[What is required] Leave the pictures in the listing below aside and reproduce exactly the lines starting with the one with "Unsere Zimmer sind" and going on through the one with "Ondertussen verdiepten de", both ends included.
Available data below:
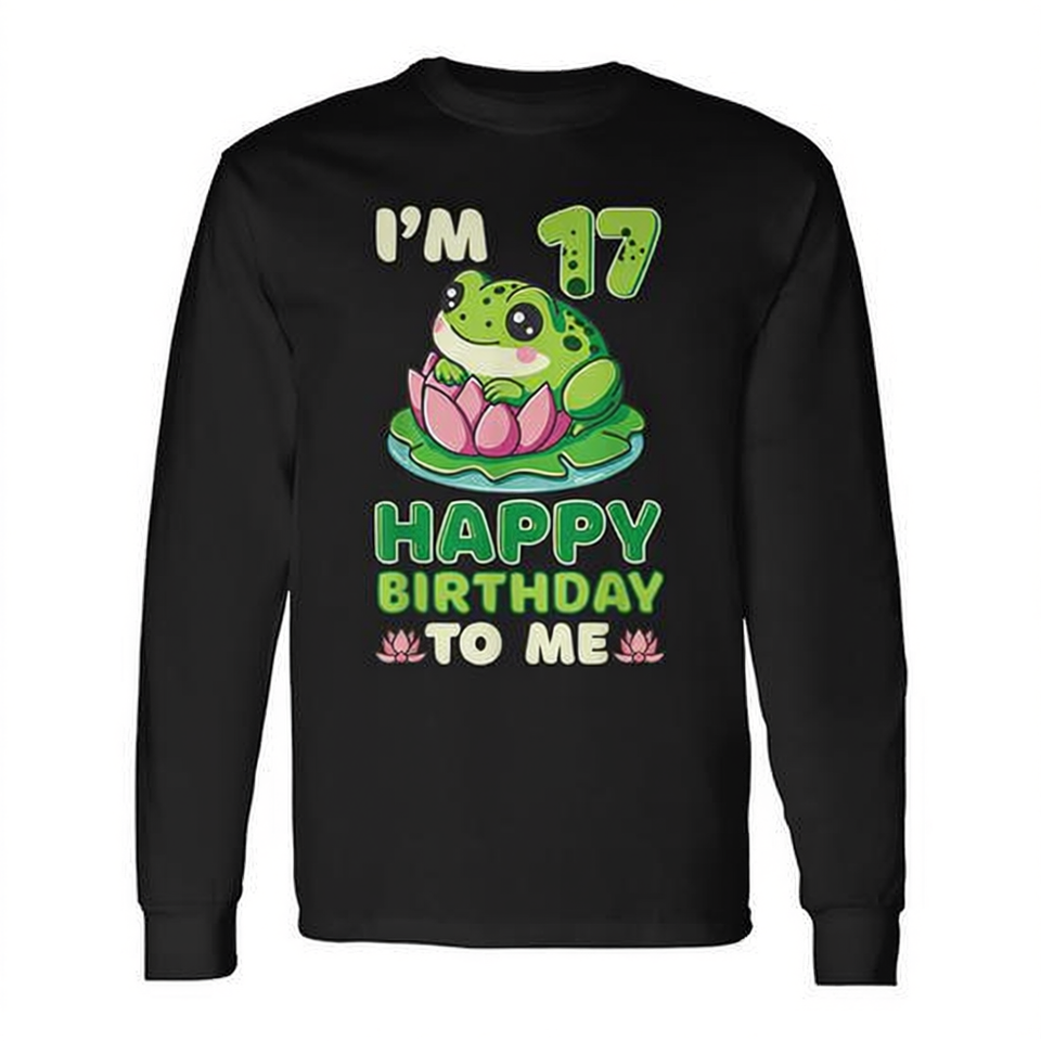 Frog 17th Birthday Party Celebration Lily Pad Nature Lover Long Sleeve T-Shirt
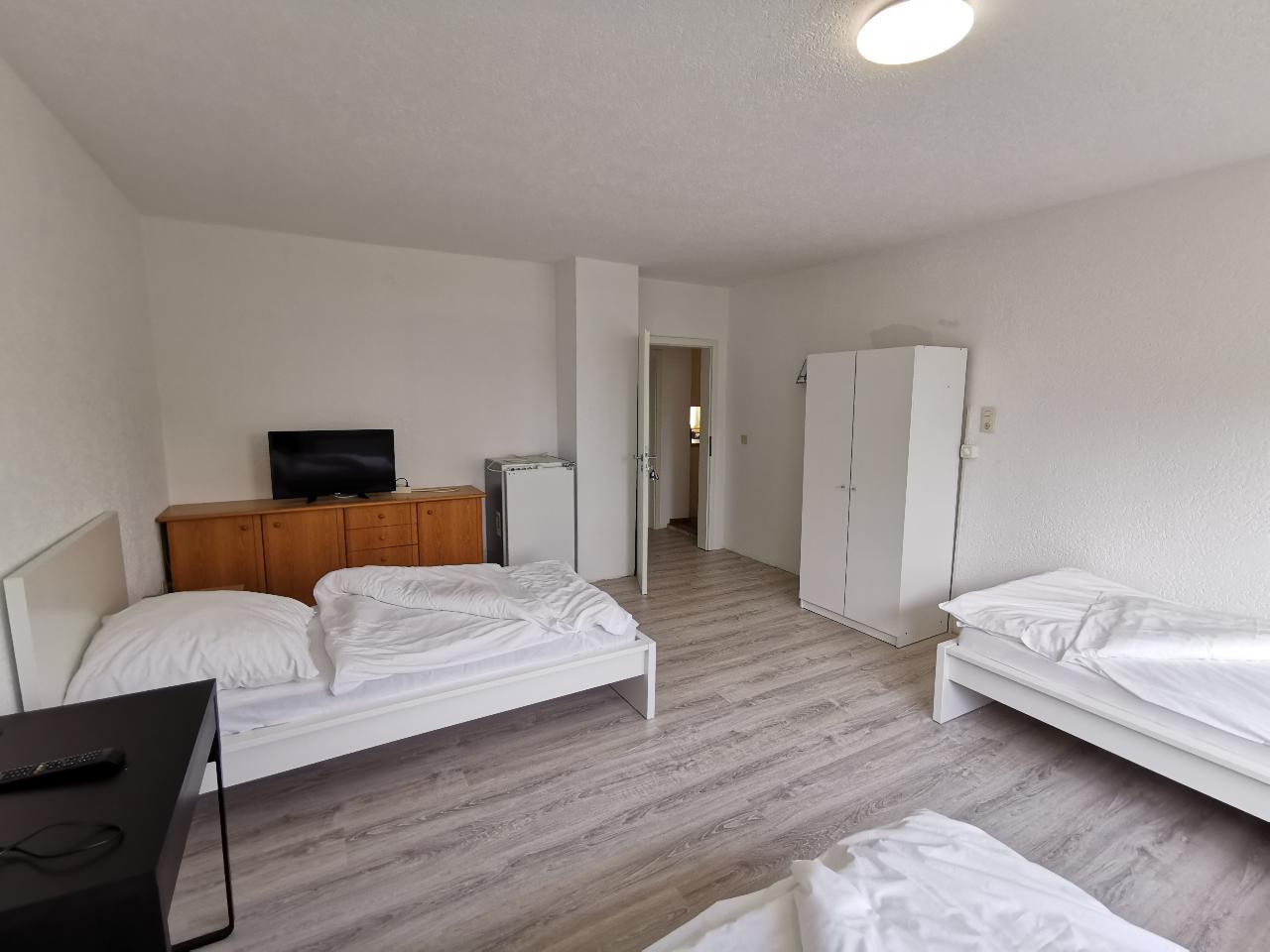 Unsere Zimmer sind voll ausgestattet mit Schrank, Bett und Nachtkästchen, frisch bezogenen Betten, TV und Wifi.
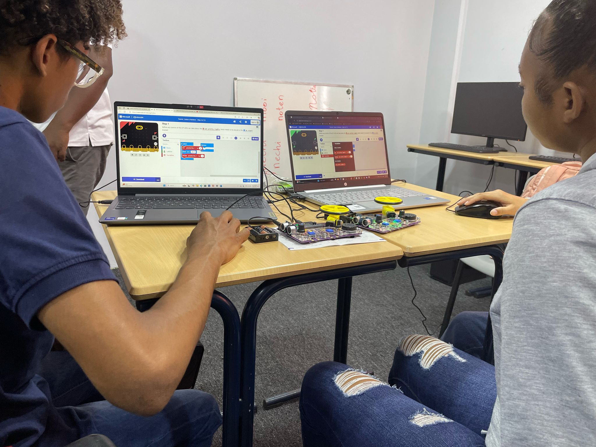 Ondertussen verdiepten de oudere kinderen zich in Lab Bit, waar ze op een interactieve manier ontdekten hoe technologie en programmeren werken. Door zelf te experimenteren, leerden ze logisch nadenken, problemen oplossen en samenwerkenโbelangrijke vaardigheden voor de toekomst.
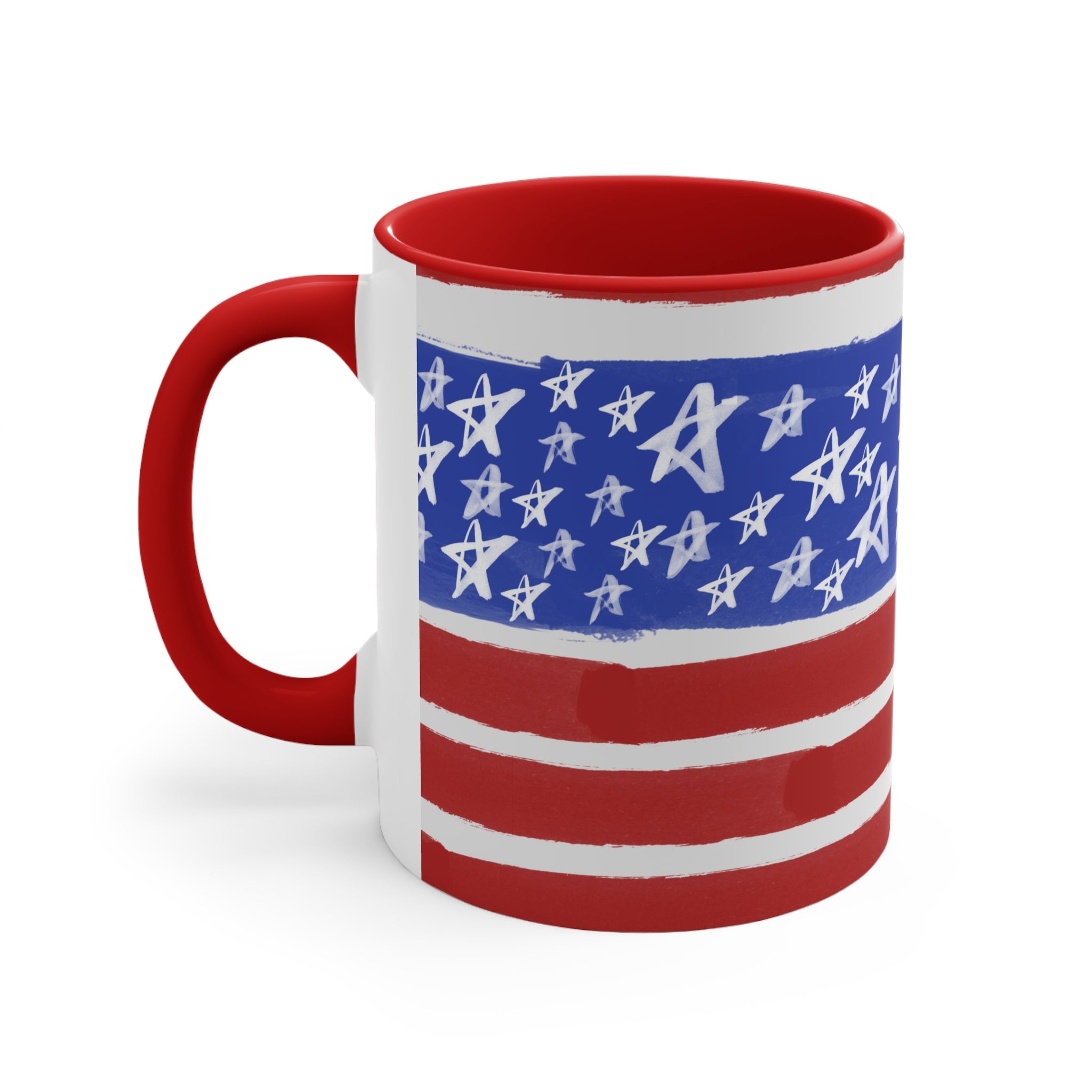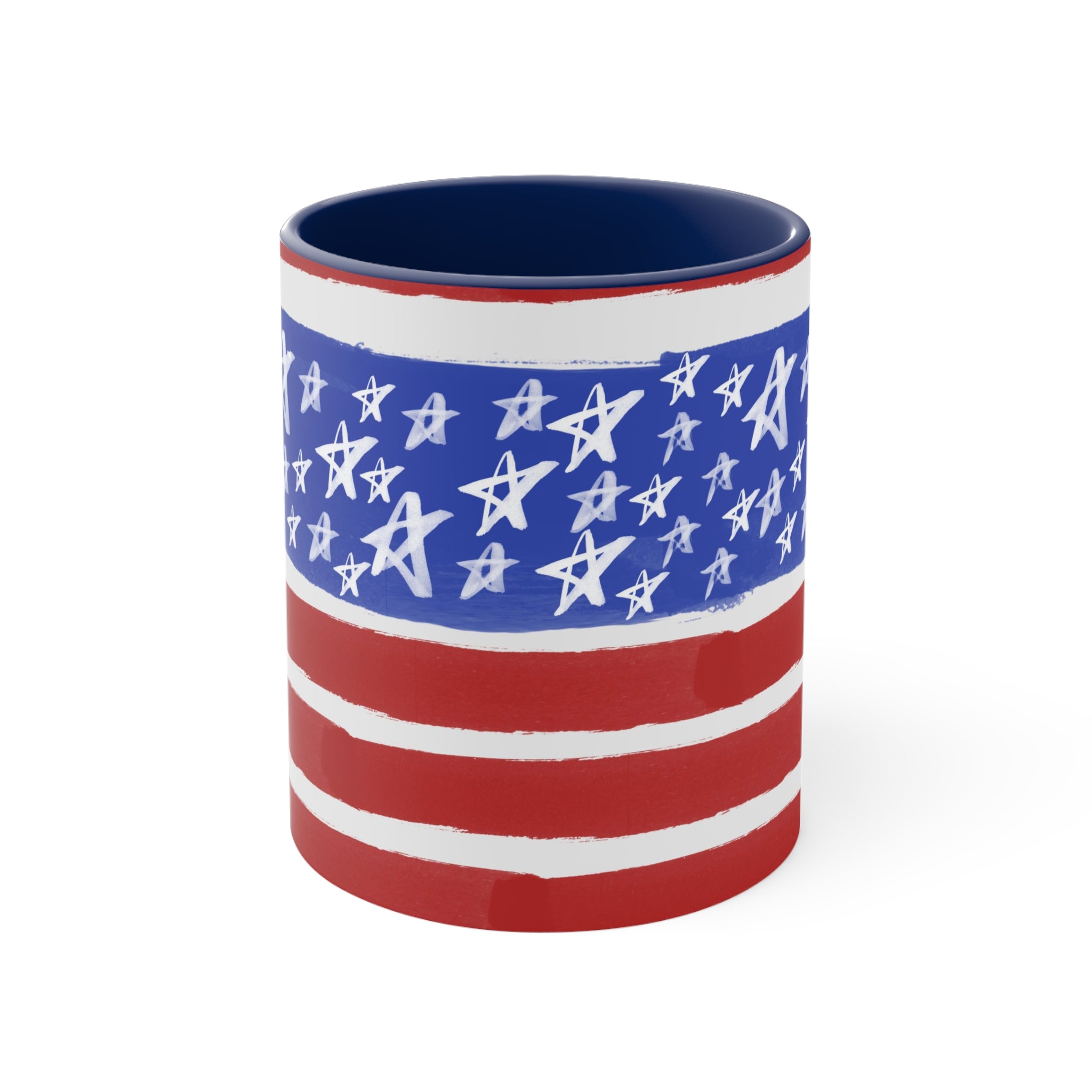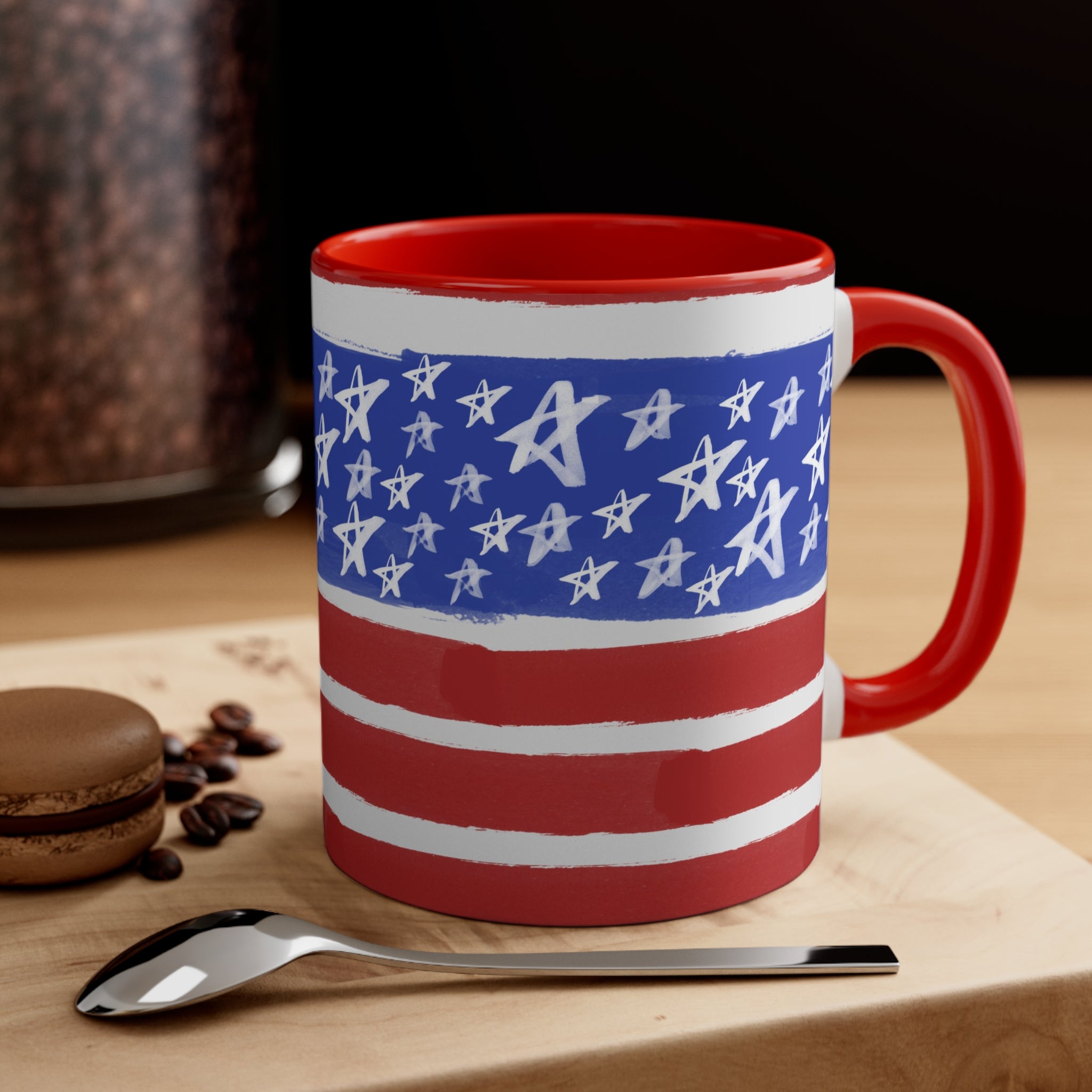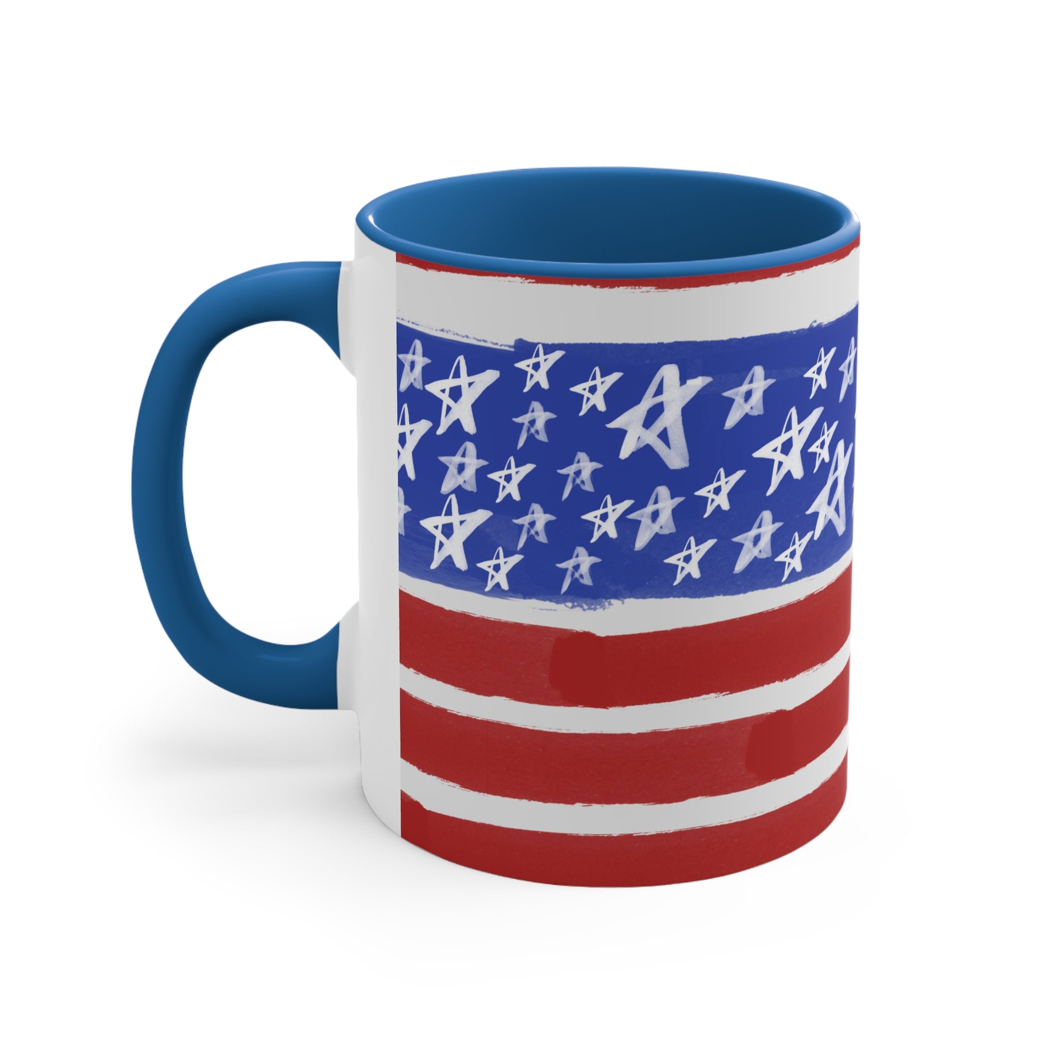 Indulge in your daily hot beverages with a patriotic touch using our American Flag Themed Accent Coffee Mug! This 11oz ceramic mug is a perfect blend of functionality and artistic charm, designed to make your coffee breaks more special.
End of Available data.
[The answer]
 Unsere Zimmer sind voll ausgestattet mit Schrank, Bett und Nachtkästchen, frisch bezogenen Betten, TV und Wifi.
 Ondertussen verdiepten de oudere kinderen zich in Lab Bit, waar ze op een interactieve manier ontdekten hoe technologie en programmeren werken. Door zelf te experimenteren, leerden ze logisch nadenken, problemen oplossen en samenwerkenโbelangrijke vaardigheden voor de toekomst.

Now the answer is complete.